De acordo com Sartor, o representante do Ministério da Agricultura em Santa Catarina também participou da reunião. O resultado dos exames deverá orientar os próximos encaminhamentos sobre os prejuízos registrados pelos agricultores.
Enquanto a análise não é concluída, as entidades também pretendem acompanhar o comportamento das lavouras de outras regiões do Estado onde o plantio do tabaco ocorre mais tarde. A intenção é observar se o mesmo problema será registrado nos novos cultivos.
“Nós estaremos também acompanhando as demais regiões do Estado onde o plantio está sendo mais tarde, muitas regiões estão sendo plantadas agora, para ver como se desenvolve a partir de agora.”
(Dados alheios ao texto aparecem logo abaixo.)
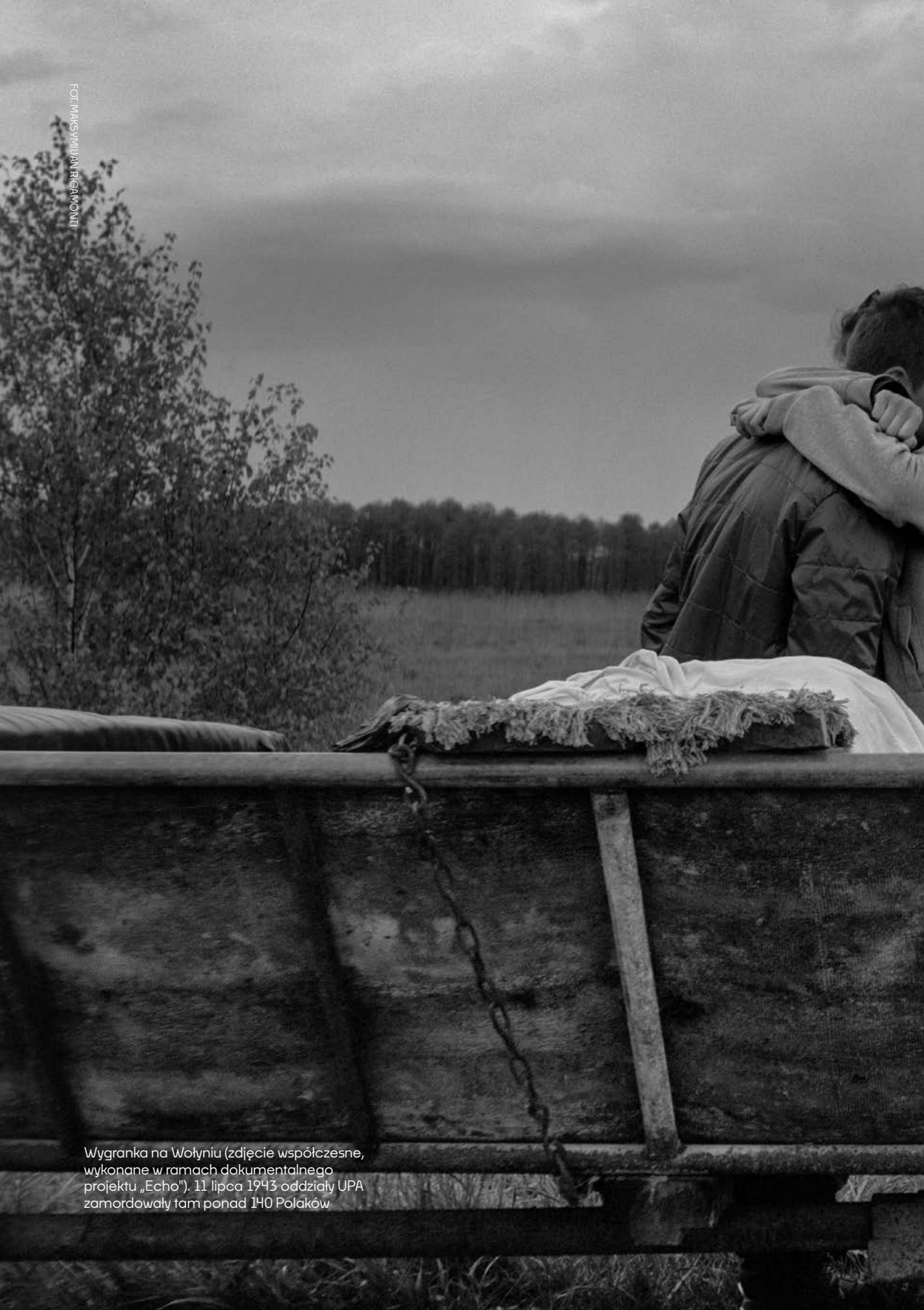
Wygranka na Wołyniu (zdjęcie współczesne, wykonane w ramach dokumentalnego projektu „Echo”). 11 lipca 1943 oddziały UPA zamordowały tam ponad 140 Polaków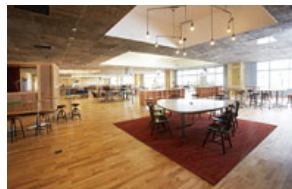
イノベーションを生み出す拠点「KOIL」 (柏の葉オープンイノベーションラボ)

新ビジネスや起業家を支援するインキュベーション施設をはじめ、大学・研究機関など知の拠点が集積。日本に新しい活力をもたらす新産業の芽を育て、サポートしています。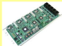
制御基板が内蔵されています

A: エンジン刈払機 23cc ~ 25cc 相当です。 力強く快適な草刈りをご体感下さい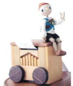
手回しオルゴールとマリオネット“ジロー”君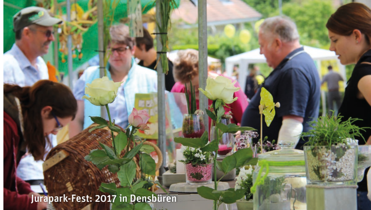
Jurapark-Fest: 2017 in Densbüren

Samstag 14. Oktober > 9.30–17 Uhr > Densbüren

Possibilidade de ressarcimento
Sartor afirma que, neste momento, a prioridade é aguardar o resultado dos testes realizados nas sementes. Segundo ele, a empresa responsável pela variedade também acompanha a situação.
“O que ficou de concreto e encaminhado é que nós vamos aguardar o resultado da semente. A informação que a gente tem é que a Profigen, que é a detentora dessa variedade, está muito preocupada com isso que está acontecendo também.”
A expectativa das entidades envolvidas é que, a partir de um laudo técnico do Ministério da Agricultura, seja possível definir as medidas necessárias e avaliar a possibilidade de ressarcimento aos agricultores que tiveram prejuízos.
“A gente quer buscar, a partir desse laudo técnico do Ministério, o encaminhamento para que o agricultor possa ser ressarcido desse prejuízo.”
Outro assunto apresentado durante a reunião foi o desenvolvimento de uma máquina de classificação de tabaco utilizando inteligência artificial. O equipamento está sendo desenvolvido no Instituto Federal Catarinense, no campus de Santa Rosa do Sul, por um professor e sua equipe.
Segundo Sartor, o projeto já está na fase de primeiras demonstrações. A proposta é utilizar a tecnologia para tornar o processo de classificação mais preciso e seguro, seguindo os critérios estabelecidos pelas portarias que regulamentam a atividade.
As entidades pretendem conhecer o equipamento com mais detalhes e acompanhar o desenvolvimento da tecnologia antes de avaliar sua aplicação no setor.
“A gente espera que, em um curto espaço de tempo, seja feita uma análise mais aprofundada. Pretendemos ir lá conhecer essa máquina com profundidade, para que ela possa ser um equipamento que dê mais segurança na hora da classificação.”
O desenvolvimento da tecnologia é mais um dos temas que vêm sendo acompanhados pelo setor do tabaco, enquanto produtores e entidades aguardam os resultados das análises das sementes envolvidas nos casos de florescimento precoce.